The RNA extraction was performed by using two different protocols: guanidinium-thiocyanate and lithium-chloride methods. cDNA was synthesized using the CAP-Trapper method [3], that allows to raise the yield of full-length cDNAs, and cDNA molecules were cloned into different cloning vectors: pBluescript II in combination with SstI/XhoI enzymes, pSport1 and pCMVSport6 with SalI/NotI enzymes.
3 Results and discussion
3.1 5′-sequences analysis pipeline
23 000 clones were chosen from the four selected libraries and submitted into the sequence analysis pipeline as shown in Fig. 1.
3.2 BLAST search results
After the StackPACK analysis of the 5′-sequence of our clones, they were selected as singletons or cluster representatives and submitted to a BLAST query for functional annotation. Altogether, about 90% of the unique sequences matched with database entries: 68% in RefSeq (e-value lower threshold 1e-40), 12% in Unigene (e-value lower threshold 1e-70) and 9% in nr (e-value lower threshold 1e-80). In particular, we found that 70% of our sequences matching RefSeq entries resulted to be full-coding (i.e. containing the ATG codon), another 7% being at a maximum 100 nucleotides from the reported 5′. As it can be seen in Fig. 2, the most represented group is the one containing sequences 0–50 nucleotides longer than RefSeq entries. The remaining 10% were considered as ‘unknown’.

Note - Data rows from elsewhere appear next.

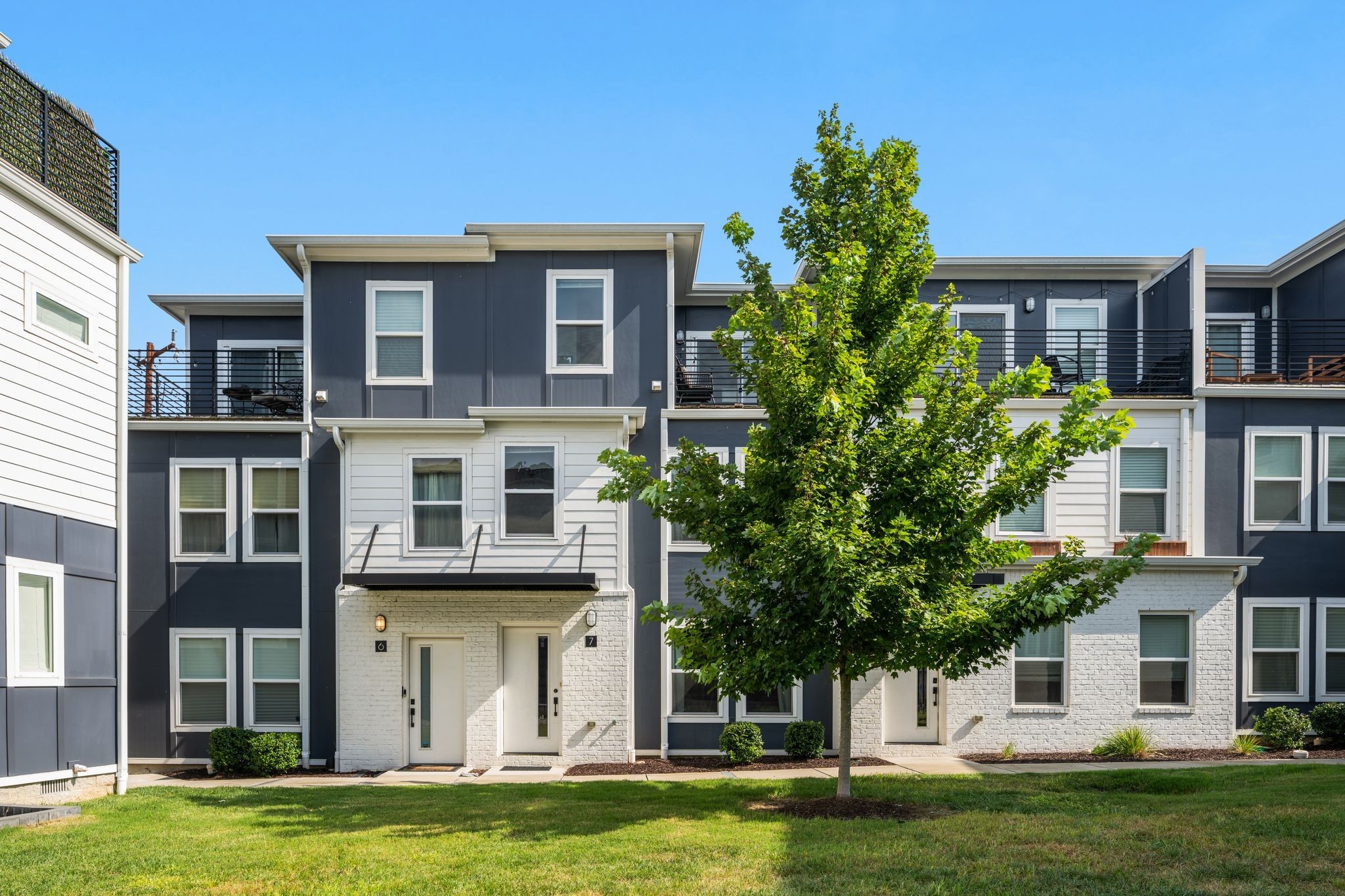 This three-level townhome in a gated community features modern design and open-concept living. The main floor has a contemporary kitchen flowing into the living area, the second floor contains the primary bedroom with oversized walk-in shower and plenty of natural light, and the top level offers a private balcony. With two bedrooms, it suits families, couples, or investors. Located 10 minutes from downtown with East Nashville's vibrant dining and cafes just a short walk away!
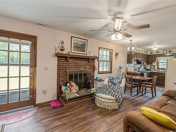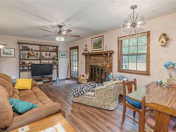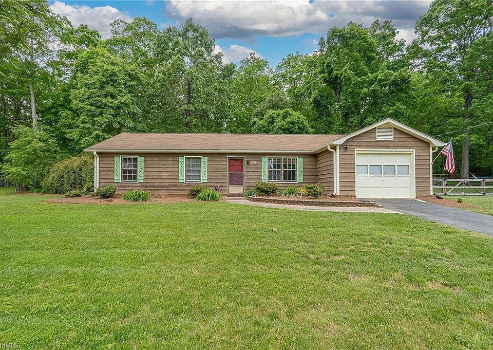 Charming one level ranch in Woodcreek. This home has 3 bedrooms, 1.5 bath. Livingroom, Den with brick wood burning fireplace and built in shelves to showcase your heirlooms or photographs. The den adjoins the dining/kitchen area. Separate laundry room. One car garage for your car or storage. The backyard is fenced in with an outbuilding and concrete patio for you to enjoy being outside. This home is convenient to the highway and downtown King. Don't let this one slip by...make this your home today!
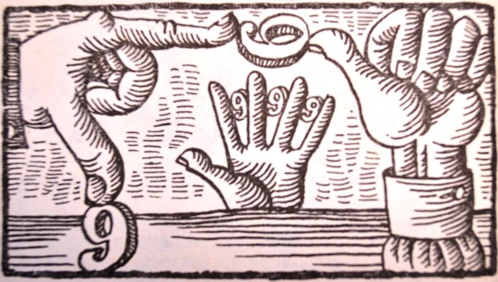 В предыдущей статье "Любопытные свойства чисел. Умножение на пальцах." описывался способ вычислить произведение любых однозначных чисел, больших чем 5 с помощью пальцев рук. А вот это еще один способ помочь памяти с помощью пальцев рук запомнить таблицу умножения на 9. Положив обе руки рядом на стол, по порядку занумеруем пальцы обеих рук следующим образом: Первый палец слева обозначим 1, второй за ним обозначим цифрой 2, затем 3, 4, … до десятого пальца, который означает 10. Если надо умножить на 9 любое из первых девяти чисел, то для этого, не двигая рук со стола, надо приподнять вверх тот палец, номер которого означает число, на которое умножается девять, тогда число пальцев, лежащих налево от поднятого пальца, определяет число десятков, а число пальцев, лежащих справа от поднятого пальца, обозначает число единиц полученного произведения. П р и м е р: Пусть надо найти произведение 4х9 ??? Положив обе руки на сто, приподнимем четвертый палец, считая слева направо. Тогда до поднятог

BLAST results from RefSeq allowed to obtain informations on the putative length of our clones. As shown in Fig. 3 the average length of LNCIB clones is 2386 bp, with a maximum length of 14 770 bp obtained for the Ankyrin 3, node of Ranvier, clone that is also 5′ full-length.
A total of 1717 clones, including the clones that had matches in the Unigene and nr BLAST database but were poorly annotated, could not be annotated. We therefore decided to perform a BLAST query on the complete NCBI ESTs database and 1608 clones appeared to have correspondent ESTs hits. To assign a functional annotation we queried the curated RIKEN FANTOM2 clones database [8] and the NCBI RefSeq databases of 5 species with different evolutive correlation with H. sapiens: M. musculus, B. taurus, X. laevis, D. melanogaster and A. thaliana. This cross-species approach proved to be very useful as it allowed to find annotated orthologous sequences for a high percentage of our unknown or badly characterized clones. In particular, 1087 clones matched with FANTOM2 entries (733 of which presented a clear functional annotation) while 758 matched with the five species RefSeq entries (71.7% with M. musculus, 11.2% with B. taurus, 9.2% with X. laevis, 1.5% with D. melanogaster and 6.4% with A. thaliana). The comparison of the results generated by RIKEN and NCBI databases showed that 86% of the clones that we independently annotated with these databases gave identical outputs, demonstrating that the provided annotation was correct indeed.
For clones remaining without annotation we performed a BLAST query on the human genome sequence: in the majority of cases, there was a good exon-intron alternation, thus suggesting that despite the lack of functional annotation these clones could be considered as non-artefacts and therefore real transcripts.
The characterization of human full-length-enriched, normalized and subtracted cDNA clones in this study provides evidence that a significant fraction of transcriptome-derived sequences still awaits to receive a valuable functional annotation or remains completely unknown. Functional annotation from orthologous genes using cross-species databases comparison of human transcriptome sequences has proven and will be very useful for the final annotation of the human transcriptome.
Acknowledgements
This study was supported by NCI project UOICA 80200 and CNR project Functional Genomics – Bioinfomatics and Comparative Functional Genomics.